In Steffani Jemison’s video, “Personal,” the setting is a street scene with a mural picturing Barack Obama and Desmond Tutu. A large black man walks back and forth in front of it, seemingly unsure of where he wants to go. Perhaps he is waiting from something or someone. Cars drive by, quickly, going backwards. Other pedestrians pass by, also going backwards. The scene then changes to a park scene where a man walks endlessly in a circle. Is the film making the point that we are walking blindly and backwards into the future? It is funny and perhaps prophetic.
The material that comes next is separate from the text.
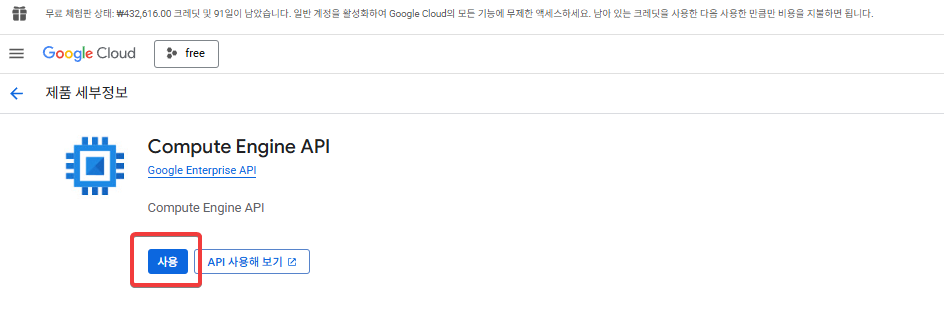 VM 인스턴스를 처음 생성하는 경우 Compute Engine API를 활성화해야 할 수 있습니다. 이미지와 같이 "Compute Engine API" 화면이 나타나면 "사용" 버튼을 클릭하여 API를 활성화합니다. (이미 활성화되어 있다면 이 단계는 건너뛸 수 있습니다.)
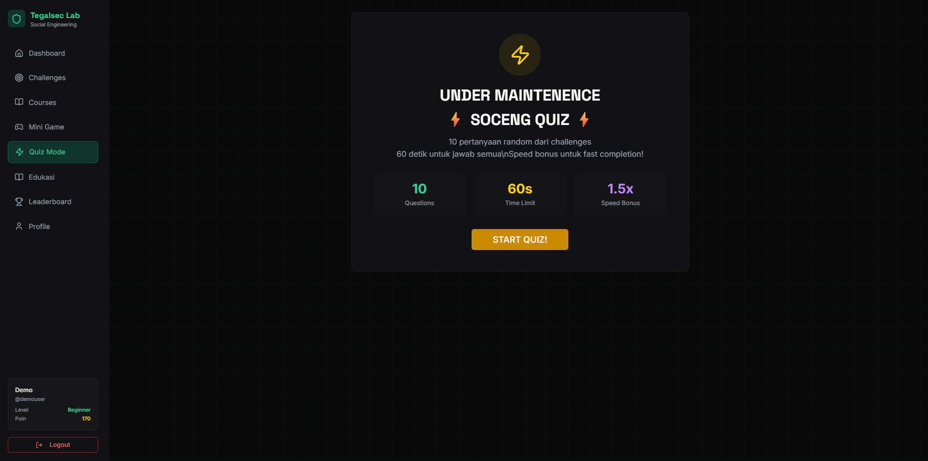 Untuk peserta yang sudah memahami banyak challenge, tersedia SocEng Quiz Mode.

I loved C. Davida Ingram’s “Conjures & the Mermaid,” a selection of three photographs and a poem printed on three panels. The first line of the poem is “Here Lies the Nigress,” and the photos of the “Nigress,” are of a black woman seated in one photo and lying down in the other two. A dark, shadowy figure sits or lies in front of her in one of the photos; cushions on a bed replicate the shadow figure in the other; and in the third, something indistinguishable and mysterious stands in for the shadow figure. These are dramatic and attractive photos, and as with much good art, the images and the poem relate to each other but not overtly.
There are some fabulously dramatic black-and-white photos of storm clouds by Joan Livingstone.
Naima Lowe’s “Thirty-nine questions for white people,” notes in ink on notecards with brown paper wrapping and tied with ribbon, give whites and blacks much to think about, especially in light of the Black Lives Matter movement.
There is much more to this show, much of it difficult but most of it intriguing.